Date of Report (Date of earliest event reported): March 15, 2011

 

FIRSTCITY FINANCIAL
CORPORATION

(Exact name of registrant as specified in its charter)

 

Delaware

 

033-19694

 

76-0243729

(State of
incorporation)

 

(Commission File
No.)

 

(IRS Employer
Identification No.)

 

6400 Imperial Drive, Waco, Texas

 

76712

(Address of principal executive offices)

 

(Zip Code)

 

Registrant’s telephone number, including area code: (254) 761-2800

 

Not applicable

(Former name or former address, if changed since last report)

 


 

Check the appropriate box below if the Form 8-K filing is intended to simultaneously satisfy the filing obligations of the registrant under any of the following provisions:

 

o            Written communications pursuant to Rule 425 under the Securities Act (17 CFR 230.425)

 

o            Soliciting material pursuant to Rule 14a-12 under the Exchange Act (17 CFR 240.14a-12)

 

o            Pre-commencement communications pursuant to Rule 14d-2(b) under the Exchange Act (17 CFR 240.14d-2(b))

 

o            Pre-commencement communications pursuant to Rule 13e-4(c) under the Exchange Act (17 CFR 240.13e-4(c))

 

 

 



 

Section 5—Corporate Governance and Management

 

Item 5.02  Departure of Directors or Certain Officers; Election of Directors; Appointment of Certain Officers; Compensatory Arrangements of Certain Officers.

 

On March 15, 2011, the Board of Directors of FirstCity Financial Corporation (“FirstCity”) approved the recommendation of the Compensation Committee for a 2011 bonus plan for certain executive officers of FirstCity. The bonus plan provides that a bonus pool for the executive officers will be cumulatively funded to the extent that the net earnings to FirstCity common shareholders for calendar year 2011, prior to accrual for compensation under the bonus plan, exceed a minimum threshold of $1.00 per share outstanding (based on 10 million shares outstanding) as follows:

 

·                  Tranche 1: Net earnings from $1.00 to $1.30 per common share outstanding – Fifty percent of the difference over $1.00 per share outstanding (up to $1.30 per share) will be funded to the bonus pool.

 

·                  Tranche 2: Net earnings from $1.30 to $2.10 per common share outstanding – Twenty-five percent of the difference over $1.30 per share outstanding (up to $2.10 per share) will be funded to the bonus pool.

 

·                  Tranche 3: Net earnings in excess of $2.10 per common share outstanding – Ten percent of the difference over $2.10 per share outstanding will be funded to the bonus pool.

 

The Compensation Committee of FirstCity will, in its discretion, make recommendations as to any bonuses to be awarded from the bonus pool if the net earnings to FirstCity common shareholders for calendar year 2011, prior to accrual of compensation under the bonus plan, exceed $1.00 per fully diluted share outstanding.
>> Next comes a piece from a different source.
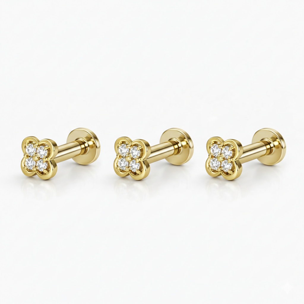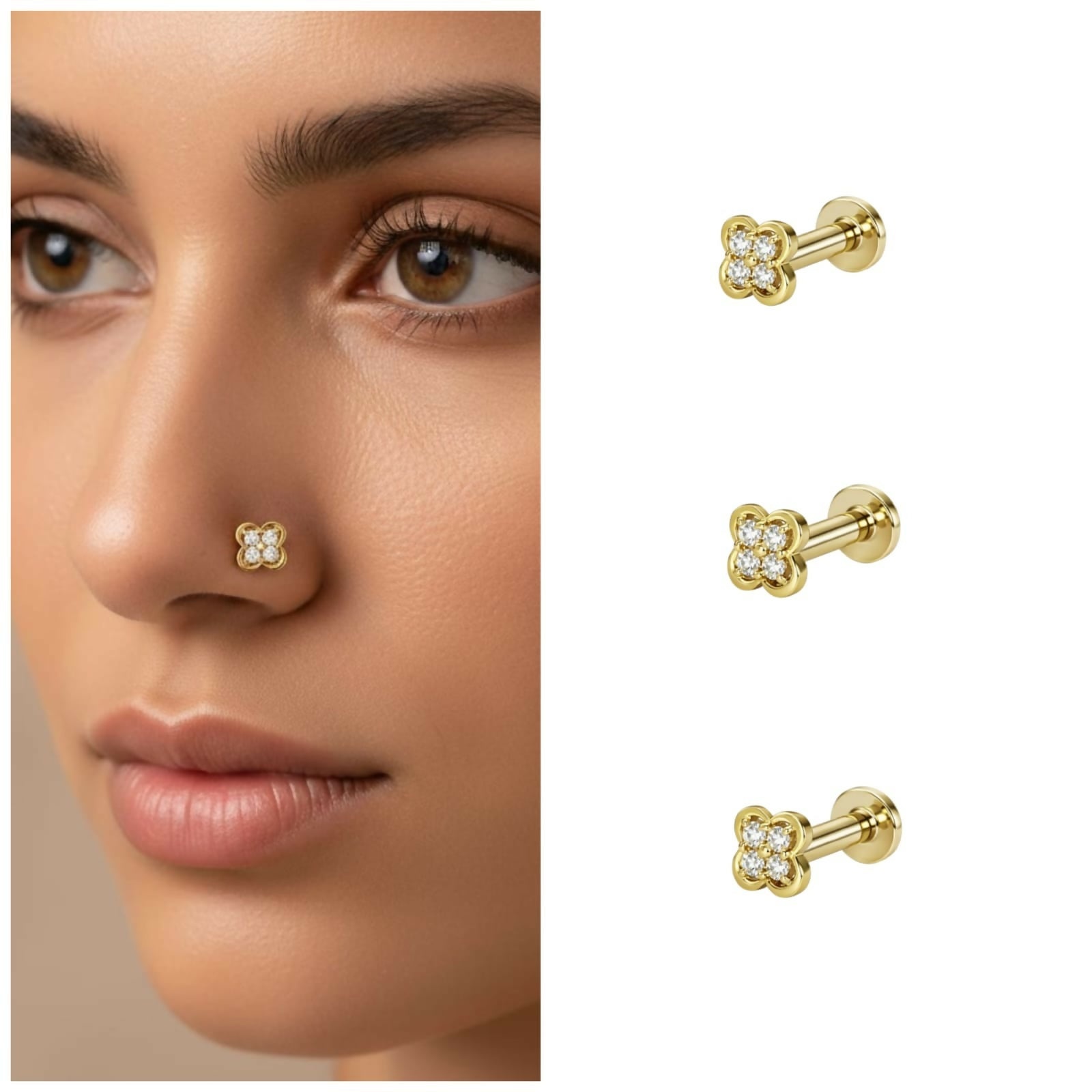 Elevate your everyday look with the timeless elegance of our Gold Plated Clover Nose Stud. Designed for those who appreciate delicate craftsmanship, this piece features a classic four-petal floral motif inspired by the lucky clover.

The form of compensation to the executive officers under the bonus plan, if funded, will be comprised of cash and FirstCity restricted stock (with a three-year vesting period) as follows: Tranche 1, 80% cash and 20% restricted stock; Tranche 2, 60% cash and 40% restricted stock; and Tranche 3, 40% cash and 60% restricted stock. The terms of the restricted stock awards and number of shares to be awarded pursuant to the bonus plan will be determined by the Compensation Committee of FirstCity pursuant to the terms of the existing Stock Option and Award Plans of FirstCity.

 

The executive officers, including named executive officers of FirstCity, participating in the bonus plan are eligible to receive up to 65% of the funded amount of the bonus plan as follows: James T. Sartain (15%), Jim W. Moore (10%), Terry R. DeWitt (10%), James C. Holmes (10%), J. Bryan Baker (10%), and Mark B. Horrell (10%). The initial allocations of the bonus plan are subject to the executive officer remaining employed by FirstCity through the end of fiscal year 2011 and the satisfactory performance by the executive officer of his duties for FirstCity. The remaining 35% of the funded bonus plan and any portion of the initial allocation which is not awarded according to the initial allocation as a result of a forfeiture or reduction by the Compensation Committee may be distributed at the discretion of the Compensation Committee to these certain executive officers and/or other executive officers.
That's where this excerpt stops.